__Information supplied__:

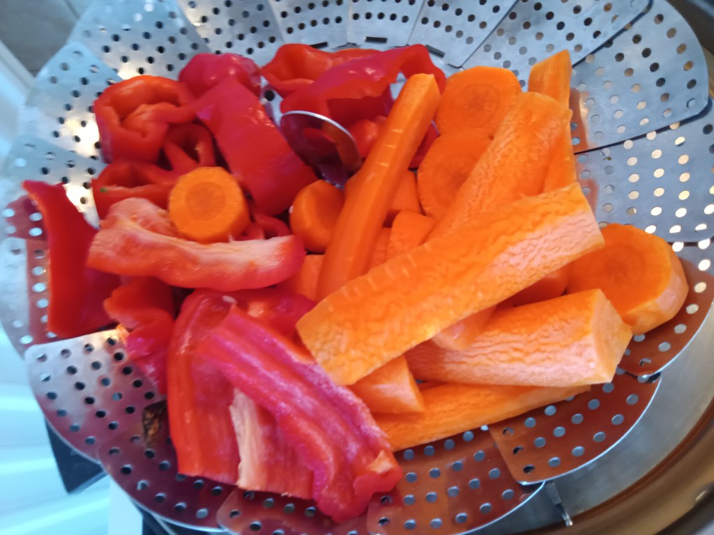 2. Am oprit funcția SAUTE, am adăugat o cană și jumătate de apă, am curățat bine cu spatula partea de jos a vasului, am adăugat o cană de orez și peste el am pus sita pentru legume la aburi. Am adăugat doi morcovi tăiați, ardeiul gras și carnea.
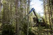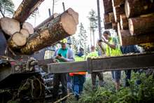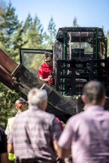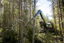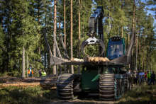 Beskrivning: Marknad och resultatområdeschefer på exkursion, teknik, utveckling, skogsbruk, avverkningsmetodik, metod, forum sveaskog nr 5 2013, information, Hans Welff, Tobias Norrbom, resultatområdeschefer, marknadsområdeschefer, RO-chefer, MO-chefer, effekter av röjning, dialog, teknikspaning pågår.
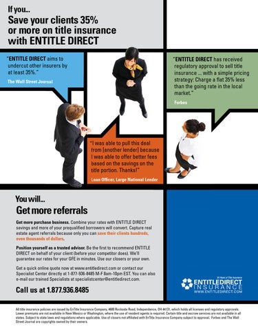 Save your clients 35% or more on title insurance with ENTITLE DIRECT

__What to work on__: Repeat the data exactly, excluding the pictures.

__Answer for the task__:
 2. Am oprit funcția SAUTE, am adăugat o cană și jumătate de apă, am curățat bine cu spatula partea de jos a vasului, am adăugat o cană de orez și peste el am pus sita pentru legume la aburi. Am adăugat doi morcovi tăiați, ardeiul gras și carnea.
 Beskrivning: Marknad och resultatområdeschefer på exkursion, teknik, utveckling, skogsbruk, avverkningsmetodik, metod, forum sveaskog nr 5 2013, information, Hans Welff, Tobias Norrbom, resultatområdeschefer, marknadsområdeschefer, RO-chefer, MO-chefer, effekter av röjning, dialog, teknikspaning pågår.
 Save your clients 35% or more on title insurance with ENTITLE DIRECT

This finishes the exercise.